Environmental Costs of Fossil Fuels : A Rapid Assessment Method with Application to Six Cities(World Bank, Washington, DC, 2000-10) Lvovsky, Kseniya ; Hughes, Gordon ; Maddison, David ; Ostro, Bart ; Pearce, DavidAmong the key external effects of fossil fuel contribution are urban air pollution, and changes in global climate. A study of six cities in developing countries, and transition economies estimates the magnitude of these effects, and, examines how various fuels, and pollution sources contribute to health damages, and other environmental costs. The study develops a simple, but robust method for rapid assessment of these damages.
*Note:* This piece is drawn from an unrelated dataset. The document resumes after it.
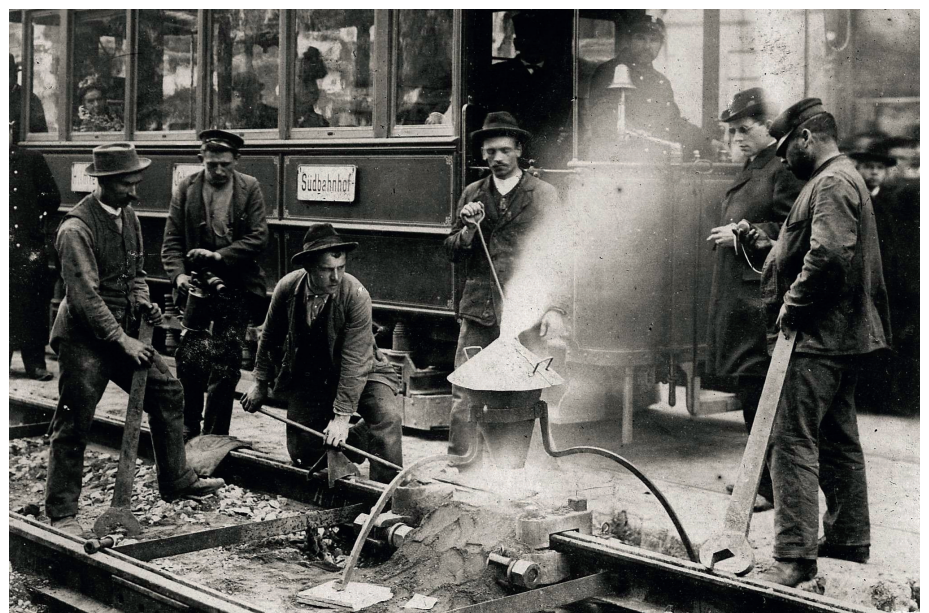
Abb. 3: Thermo-Schweißen von Rillenschienen in Graz vor 1914

Historisch gewachsen haben sich bei Bahnen und Bahnbehörden individuelle Zuständigkeiten, Prozesse und Anforderungen für die Zulassung von Thermo-Schweißverfahren, aber auch für die Qualifizierung und Zertifizierung von Thermo-Schweißern und ausführenden

By linking the damage to a particular fuel use, or pollution source, the method makes possible cost-benefit analysis of pollution abatement measures. The findings show very high levels of environmental damage, and reveal large sectoral differences. By far the greatest share of the total damage, is that to human health, from exposure to ambient particulates, caused mainly by small pollution sources, such as vehicles, and household stoves. Large industries, and power plants account for a smaller proportion of health damage, but are the major contributors to carbon dioxide emissions, which have an impact on global climate. The complex relationships between pollution sources, and environmental effects, highlight the need for a skillful mix of policy instruments, built on rigorous analysis. The damage assessment method proposed herein, provides a useful analytical tool, to be easily applied to other urban areas.